How do you “grab” team members’ attention? What gets them going to the point they maintain a positive, aggressive sense of completing the project even when there are difficulties that seem insurmountable. Simple, use poetry.
For technical fields dominated by men this may seem counter-intuitive, almost strange. There is a legitimate magic (for want of a better word) to being poetic. Now, before you go off thinking this is about picnics in the spring, puppies, and flowers spend a minute here and see if what follows makes sense.
More and more about less and less
Prose says more and more about less and less. Think of how many pounds of paper reports could be printed or the number of hard drive gigabytes used tracking project information. Is this the soul of the project? No more than pathology reports are the soul of the patient. Yes, it is good information but, no, it fails to grasp the essence of the person.
Prose and detailed reports are outside facing. To grab team members’ attention communications need to be inward facing. Now that sure sounds like a paradox! It isn’t. And this is where poetry comes in.

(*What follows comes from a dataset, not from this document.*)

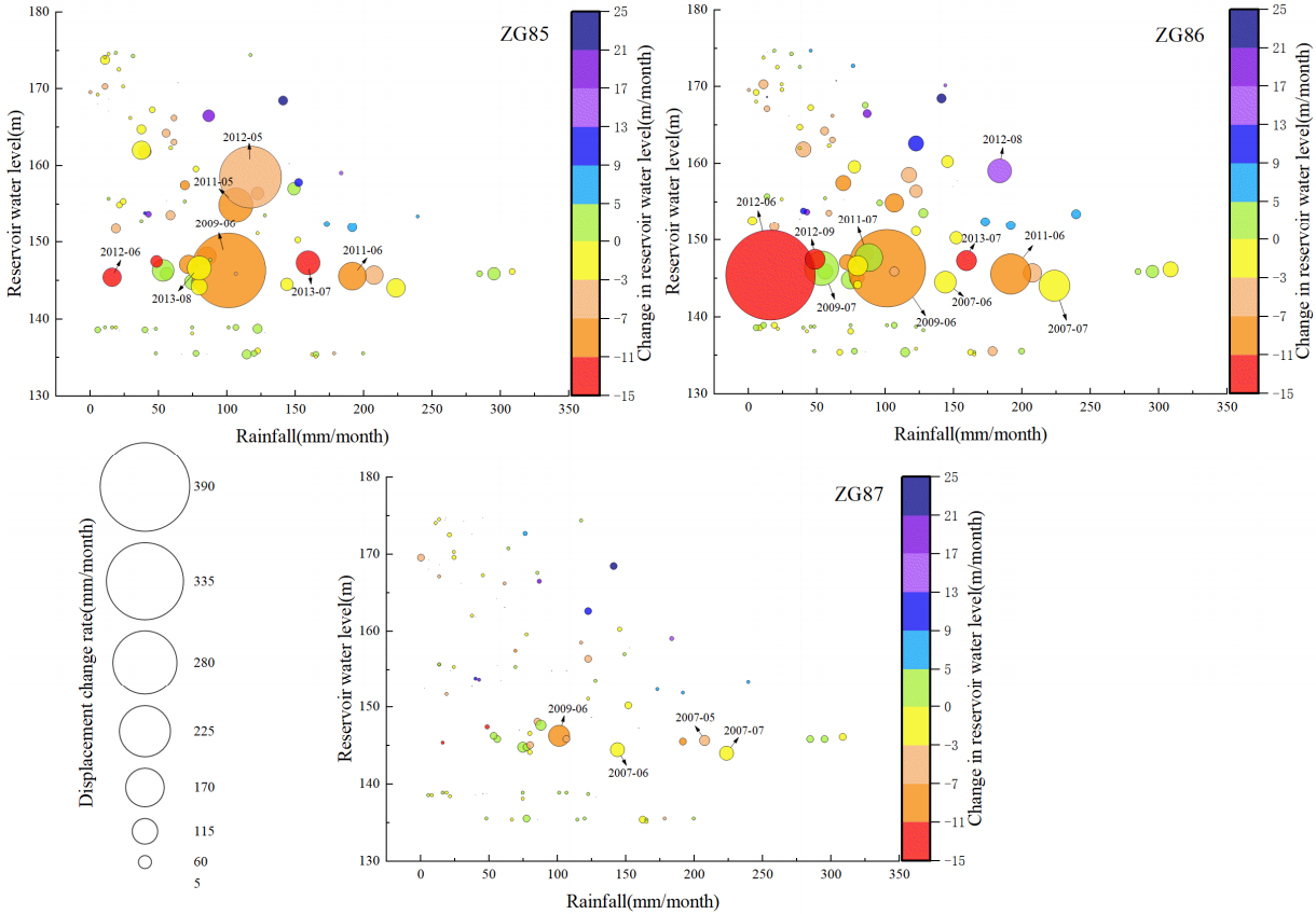 图1降雨、库水位及库水位变化与月位移量的关系

Less and less about more and more
When we strike a cord with someone the musical metaphor is very apt. The listener resonates with what is being said! There is a harmonizing with what excites, angers, scares, etc., the listener. This inward response leads to listener to feel they are being seen. What is on the inside connects with the outside.
The poetic aspect is the ability to choose a sentence, phrase, or word that nails the situation. Think of someone saying “Beuller” repeatedly with a deadpan tone. If that doesn’t bring a grin to your face I don’t know what would. It ties in to the entire angst of trying to make it through high school while keeping your sanity…something that happens to be quite similar to making it through some projects. That one word is poetic. There are other such examples such as Quisling for someone who flatters those with power so they can get a piece for themselves and abusively dominate those under them.
In the book, Mythical Man Month, by Fred Brooks, there is the classic poetic admonition regarding crashing schedules, “Avoid thinking that if one woman can have a baby in 9 months that 9 women can have a baby in one month.” There is nothing to add to that! It defines the possible insanity of crashing exquisitely.
So where does this leave the reader? If you need to connect with the team find your poetry and share it. Think of what you resonate with and see if it can be distilled to a common experience, a word or phrase, some visual, etc. and put it out there for the team. With that at the core you can then spin all the necessary prose. With everyone getting a good read on the patient…er…project, the reports find their place and add to the teams’ ability to gauge what the next best move should be.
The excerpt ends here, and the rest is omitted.